質問#3 「宗介」

ゴールデンウィークが始まった。


この前の地区大会で賢のペアと三年生はみんな県大会出場の枠を勝ち取っていた。


今日はその賢と先輩達の応援だ。


会場までは電車で1時間半。


僕は隣に座っている同じ一年生の宗介に話しかけた。


「会場遠いね。そういえば宗介は地区大会どうだった」


宗介は少し顔をしかめて答えた。


「2回戦で負けた」


僕は宗介の顔を見て慌てて話題を変えた。


「賢ってほんと凄いよね。まだ一年生なのに」


宗介は大きく顔をしかめて口を開いた。


「俺の方がうまいもん」


少し沈黙が生まれた。


僕から口を開いて話を聞くと、宗介は中学の時大会でいつも2位だったらしい。


表彰台の隣には一位の賢がいつも立っていたと言う。


僕は宗介の顔を見た瞬間に体が固まったが、宗介の頬を膨らませた顔を見て、


「また次頑張ろうね」


とちょっとだけ賢みたいな口調で声をかけた。


尊敬している人の口調を少し真似たくなったのだ。


けれど宗介はうんともすんとも言わず、目を細めながらこっちを見てきた。


「なに賢の真似してんの」


僕はビクッとした。


「えっ、そんなことないけど」


僕は目を逸らした。


「さっきも賢が凄いやらなんやら話してたけど賢と仲良いの」


そう聞かれた僕は、さっきまではたまたま賢と口調が似た体でいたが


「まあね」となぜかちょっぴり誇らしげに答えてしまっていた。


「じゃあ賢の好きな食べ物は」


「え知らない教えて」


賢のことをよく知っている体だったのに僕はまた態度を変えた。何だろう。

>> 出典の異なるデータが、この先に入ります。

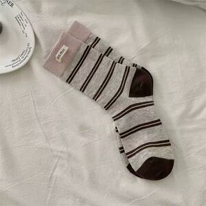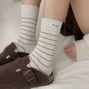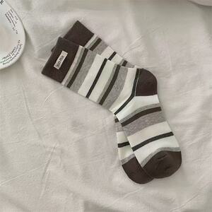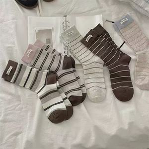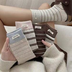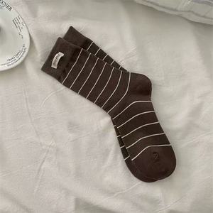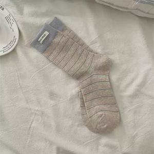 袜子女秋冬新款韩版条纹中筒袜罗口miu 系布标复古堆堆袜百搭女袜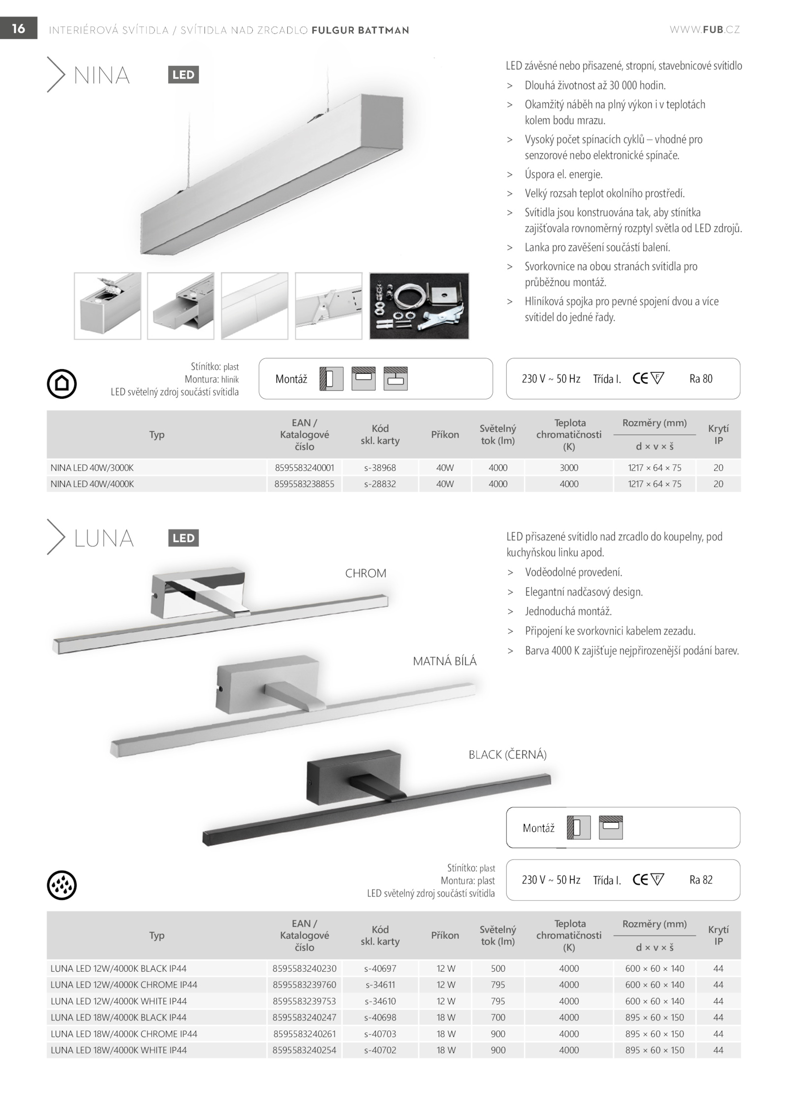 INTERIÉROVÁ SVÍTIDLA SVÍTIDLA NAD ZRCADLO FULGUR BATTMAN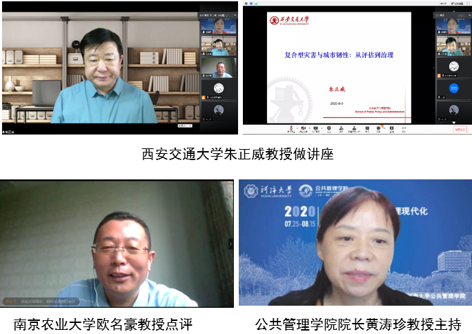 8月9日,“应急管理与国家治理现代化”云端系列名家讲堂第七讲如期举行。西安交通大学公共政策与管理学院教授、国家文化名家暨“四个一批”人才和国家哲学社会科学领军人才、教育部公共管理学科教学指导委员会委员、中国行政管理学会常务理事、中国行政管理学会教学研究会副会长、中国应急管理学会校园安全专委会副主任朱正威教授以《复合型灾害与城市韧性:从评估到治理》为题,为河海师生带来了一场精彩的学术报告。南京农业大学欧名豪教授特邀点评。88858cc永利官网88858cc永利官网院长黄涛珍教授主持报告会。近200名师生认真聆听了报告。
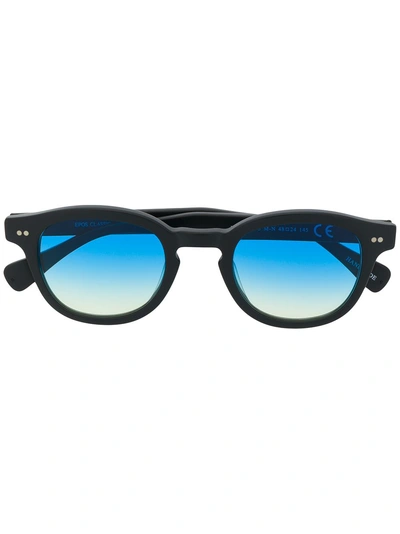 Black acetate Bronte glasses from Epos featuring round frames and tinted lenses. This item comes with a protective case. This item is unisex.

好きな食べ物。


「ゼリーだよ」


宗介はそう答えた。


真面目で堅いイメージの賢の好きな食べ物はゼリー。


 ゼリーか……なんか、可愛いな


と内心で思ってしまい、慌てて頭を振る。


その後僕たちは会場に着いたが先輩達は負け、この大会が引退試合となった。


ずっと勝ち続けられる人なんていないけれど、賢は関係なく前進し続ける人なのだろう。


僕はこの始まったばかりの部活でそう感じていた。